B. Categorical Ordinal

C. Quantitative Continuous

D. Quantitative Discrete

年龄是什么变量呢?

不会就选 C

有时会把年龄看作离散的数值变量,但是有时候你问小朋友你几岁了,他会回答你 “我三岁半了”,所以当把年龄看作关于时间的值,就是一个连续变量啦

The adult indicator variable is coded as a 1 if the individual is 18 years of age or older and a 0 if not. What type of variable would the adult indicator variable be considered?

A. Categorical Nominal

B. Categorical Ordinal

C. Quantitative Continuous

D. Quantitative Discrete

成人指标变量是什么变量呢?

如果你是未成年人就编码0,是成年人就编码1,在这里只是NHANES选择将其编码为0/1,我们也可以将其编码为M/A,那当然是名义分类变量啦

Practice Quiz

The following five questions are focused around a startup company. Management is trying to gain insight on current employees and have sent out a short anonymous survey to them. Read each prompt carefully and determine the variable type for each question.
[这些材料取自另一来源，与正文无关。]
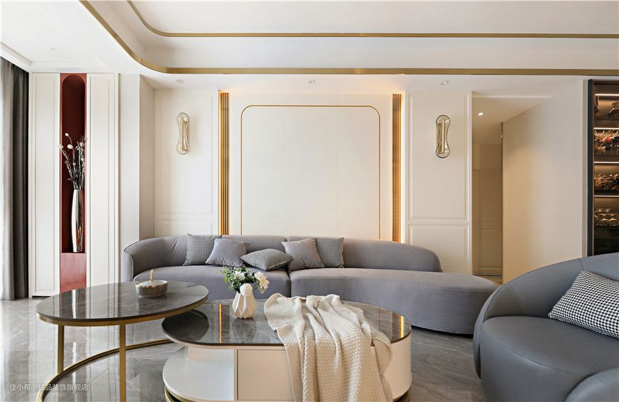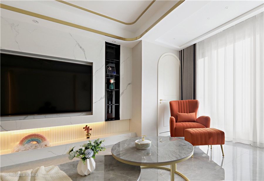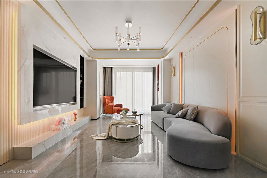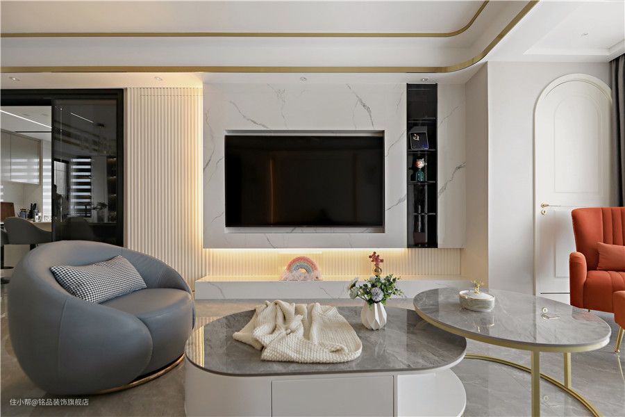 客厅与阳台打通之后,整个空间瞬间变得开阔明亮了,采光条件也更上一层楼。在做电视别精巧的时候,原本考虑想要用护墙板贴木饰面,但考虑到整体的效果改用大理石上墙铺贴,更复杂的工艺也侧面反衬出了设计的魅力。 电视墙半悬浮设计并在悬浮区周边加了道隐形灯带照明,显得温柔又美好,成为空间的一大亮点。十公分左右地台更是在视觉上带来极好的层次感。 考虑到电视墙的收纳问题下,我们又在靠阳台一侧挖了道陈列柜,满足收纳的同时又提高了局部空间的灵动性 整个沙发背景墙采用奶油系的画风,温柔可人让人一眼望去便沉浸于此。墙面细石膏线勾勒出层层视觉效果,左右对称式布局各有一道嵌入式木格栅和壁灯点缀下,整体和谐标致~ 搭配背景墙造型对于沙发软装选的是低饱和度的浅灰色系,不规则沙发、茶几款式符合年轻人的居家审美 客餐间过道,可以说是完全按照效果图方案进行一比一还原,红色的背景可以说也是室内一道点睛之笔,成功链接了各个区域
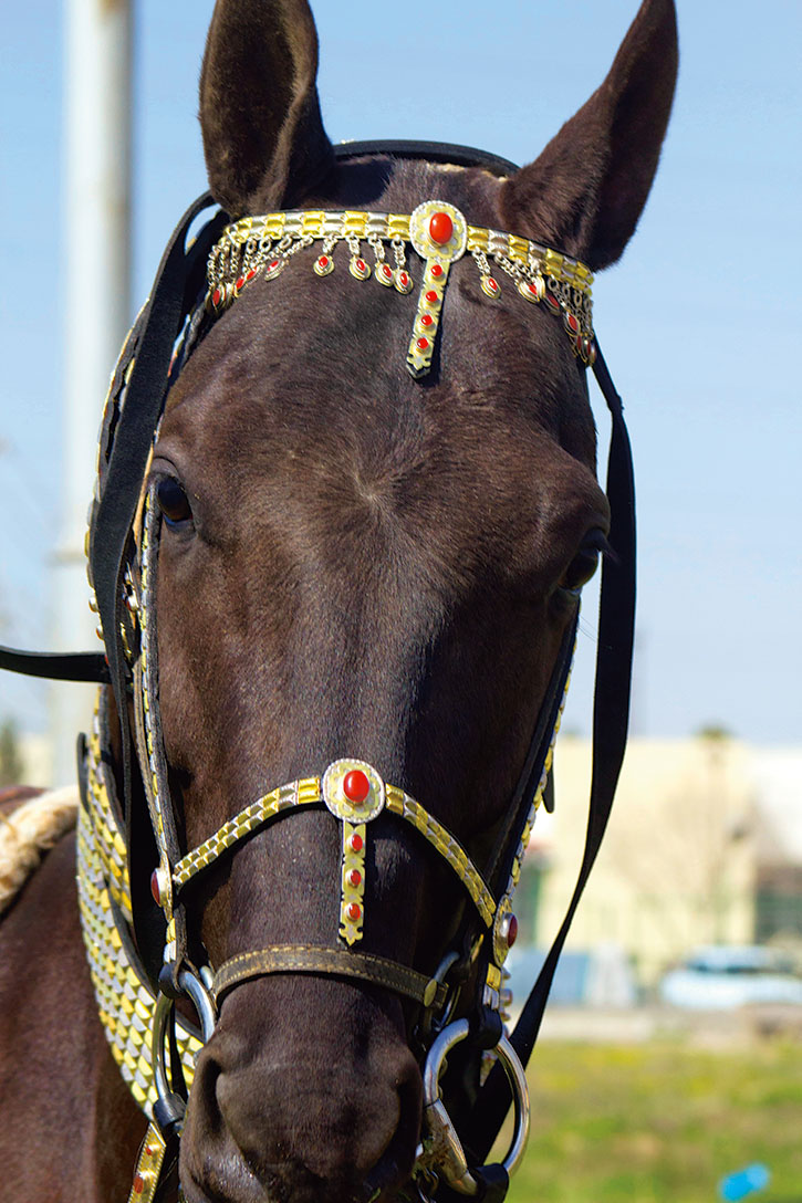 Те, кто впервые знакомится с традициями туркменского коневодства, не могут не заметить особого, трогательного и нежного, отношения народа к своему национальному символу. Эта любовь помимо всего прочего отражается и в древнейшей традиции богато украшать лошадь: бриллианту должна соответствовать и драгоценная оправа. Богато расшитые ковровые и войлочные попоны и подседельники, полудрагоценные камни и филигранная выделка серебряного обрамления сбруи – все это, являясь предметом высокого национального искусства, изящно подчеркивает красоту и стать туркменских коней.
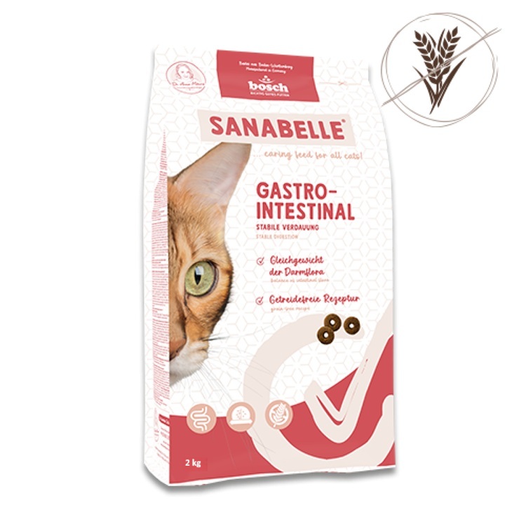 Корм Sanabelle Gastrointestinal специально разработан для оптимальной поддержки чувствительной пищеварительной системы кошек с чувствительным пищеварением. Его исключительно высокая усвояемость и повышенная энергетическая ценность заметно облегчают работу желудочно-кишечного тракта и способствуют быстрому восстановлению — идеально подходит после ветеринарного лечения или при хронических проблемах с пищеварением.
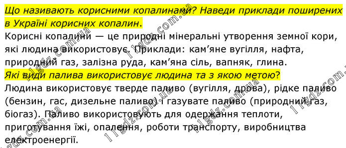 Що називають корисними копалинами? Наведи приклади поширених в Україні корисних копалин. Корисні копалини — це природні мінеральні утворення земної кори, які людина використовує. Приклади: кам’яне вугілля, нафта, природний газ, залізна руда, кам’яна сіль, вапняк, глина. Які види палива використовує людина та з якою метою? Людина використовує тверде паливо (вугілля, дрова), рідке паливо (бензин, гас, дизельне паливо) і газувате паливо (природний газ, біогаз). Паливо використовують для одержання теплоти, приготування їжі, опалення, роботи транспорту, виробництва електроенергії.

  1. Employees were asked to report their typical daily commute time, in minutes. What type of variable would their response be considered?

通勤时间是什么变量呢?

与时间有关,连续数值变量,Quantitative Continuous

  1. Employees were asked to report their typical daily mode of transportation to and from work (i.e. Car, Bike, Bus, etc.). What type of variable would their response be considered?

交通方式(汽车、自行车、公交车)是什么变量呢?

不同类别,无序,名义分类变量,Categorical Nominal

  1. The company wanted to know how employees perceived the work of upper management. Employees were asked to report the satisfaction of upper management using a 1 to 5 scale (with the following representations: 1 - Extremely Unsatisfied, 2 - Unsatisfied, 3 - Neutral, 4 - Satisfied, 5 - Extremely Satisfied). What type of variable would their response be considered?

满意度(1:非常不满意 ... 5:非常满意)是什么变量呢?

不同类别,按照一定顺序,有序,有序分类变量,Categorical Ordinal

  1. It was reported that Fridays were generally lighter in terms of number of meetings held. Employees were asked to report the number of scheduled meetings they attended the previous Friday. What type of variable would their response be considered?

会议数量属于什么变量呢?

会议数量不会出现小数,离散型数值变量,Quantitative Discrete

  1. Management was playing around with the idea of having a food truck visit the office once a week and was trying to gauge how much employees would spend to help entice various food truck owners. Employees were asked to report the amount of money they believe they would spend on lunch (in $XX.XX) if a food truck came to the office once a week. What type of variable would their response be considered?

午饭的花费( $XX.XX)属于什么变量呢?

费用,在一定区间可以取任何值,连续型数值变量,Quantitative Continuous

恭喜!您通过了!

Assessment - 10min

The following five questions are focused around a public library. Staff members are trying to gain insight on current library card holders and have sent out a short survey to them. Read each prompt carefully and determine the variable type for each question.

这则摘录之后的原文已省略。